Iowa’s Grassley responds to Obama’s executive privilege move on ‘Fast and Furious’
Attorney General Eric Holder facing contempt charges
9:30 AM, Jun 20, 2012
WASHINGTON (AP) — The Justice Dept says that President Barack Obama has asserted executive privilege to withhold documents a House committee is seeking in an investigation of a flawed gun-smuggling probe.
In a letter to Rep. Darrell Issa, R-Calif., a Justice Department official said the privilege applies to documents that explain how the department learned that there were problems with the investigation called Operation Fast and Furious.
““The assertion of executive privilege raises monumental questions,” Iowa Sen.
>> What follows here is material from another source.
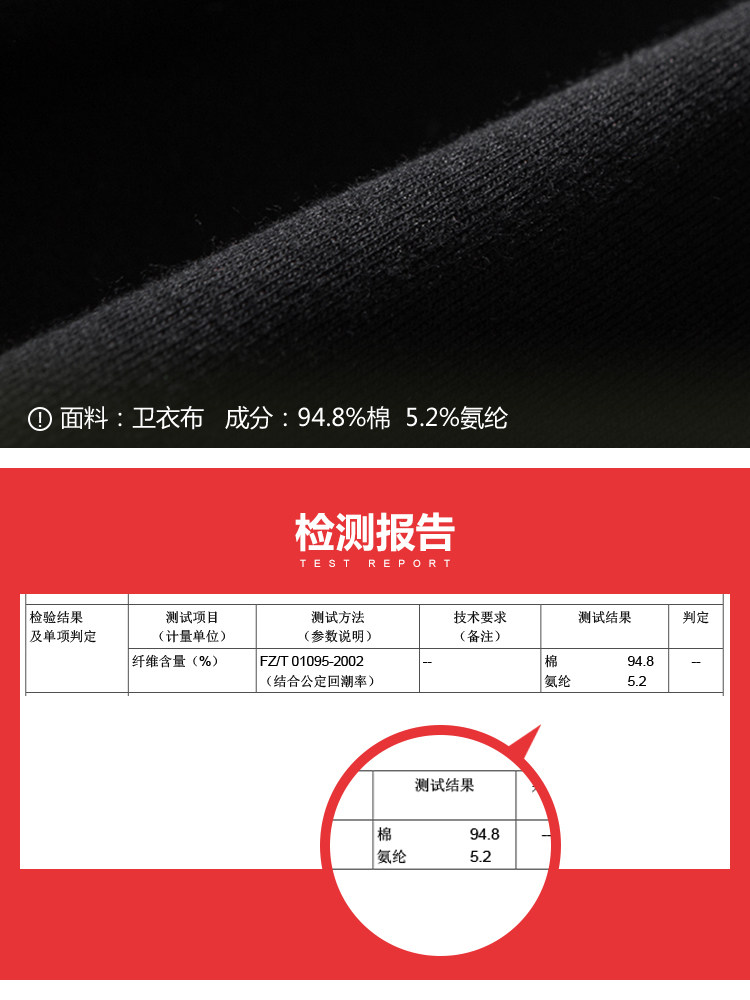 | 面 料:94.8%棉 5.2%氨纶颜 色:黑色 |

Chuck Grassley said in a statement released Wednesday shortly after the president’s move. “How can the President assert executive privilege if there was no White House involvement? How can the President exert executive privilege over documents he’s supposedly never seen? Is something very big being hidden to go to this extreme? The contempt citation is an important procedural mechanism in our system of checks and balances. The questions from Congress go to determining what happened in a disastrous government program for accountability and so that it’s never repeated again.”
Grassley is the ranking Republican on the Senate Judiciary Committee and has previously called a Justice Department investigation into the “Fast and Furious” gunrunning operation “botched.”